=== Assignment ===
I'd like the entire listing output verbatim, apart from the pictures.
(Data extract begins)
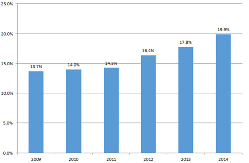 圖9 2009-2014年65歲以上老年患者不良反應(yīng)報告比率
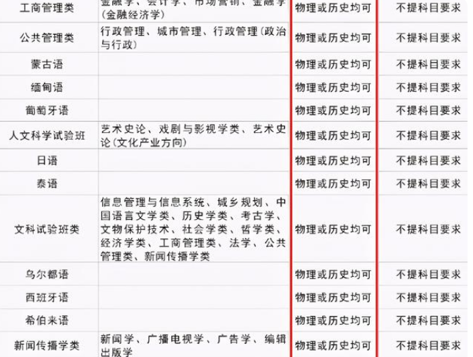 在這種新高考模式下,傳統(tǒng)文科生的日子越來越難,根據(jù)北大在山東省的各專業(yè)選科要求上看,傳統(tǒng)的文科生可選擇的專業(yè)并不多。
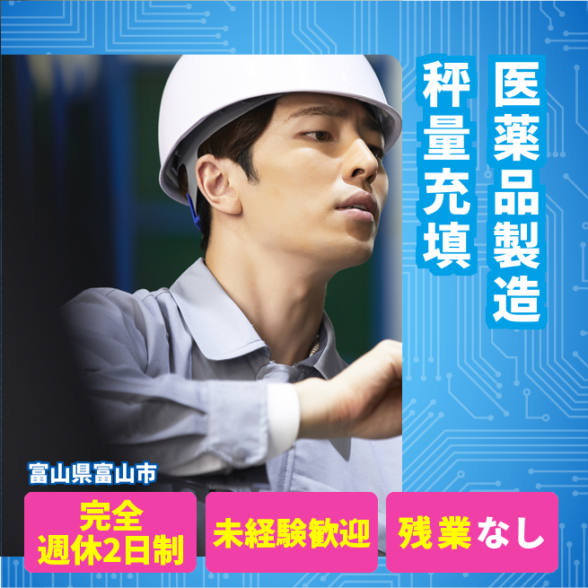 給与詳細 月収例 200,000円 日給例 10,000円 勤務地 富山県富山市 仕事内容 医薬品を製造している工場でのお仕事です
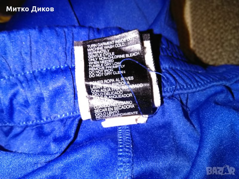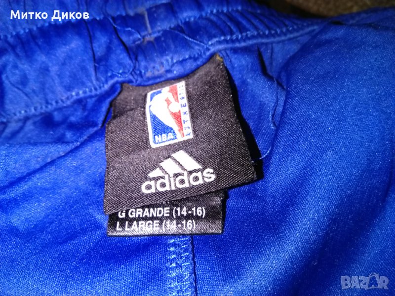 Баскетболни гащета Голден Стейт Уориърс-маркови на Адидас-размер юноши Л или мъже С-отстрани56см и в ханша неразтегнати-32см и разтегнати-46см-в добро състояние-отдолу има на три места зашито-малки дупчици което не се заблязва затова цената е намалена-изпращам по еконт-по спиди
(Data extract ends)
=== Task solution ===
 圖9 2009-2014年65歲以上老年患者不良反應(yīng)報告比率
 在這種新高考模式下,傳統(tǒng)文科生的日子越來越難,根據(jù)北大在山東省的各專業(yè)選科要求上看,傳統(tǒng)的文科生可選擇的專業(yè)并不多。
 給与詳細 月収例 200,000円 日給例 10,000円 勤務地 富山県富山市 仕事内容 医薬品を製造している工場でのお仕事です
 Баскетболни гащета Голден Стейт Уориърс-маркови на Адидас-размер юноши Л или мъже С-отстрани56см и в ханша неразтегнати-32см и разтегнати-46см-в добро състояние-отдолу има на три места зашито-малки дупчици което не се заблязва затова цената е намалена-изпращам по еконт-по спиди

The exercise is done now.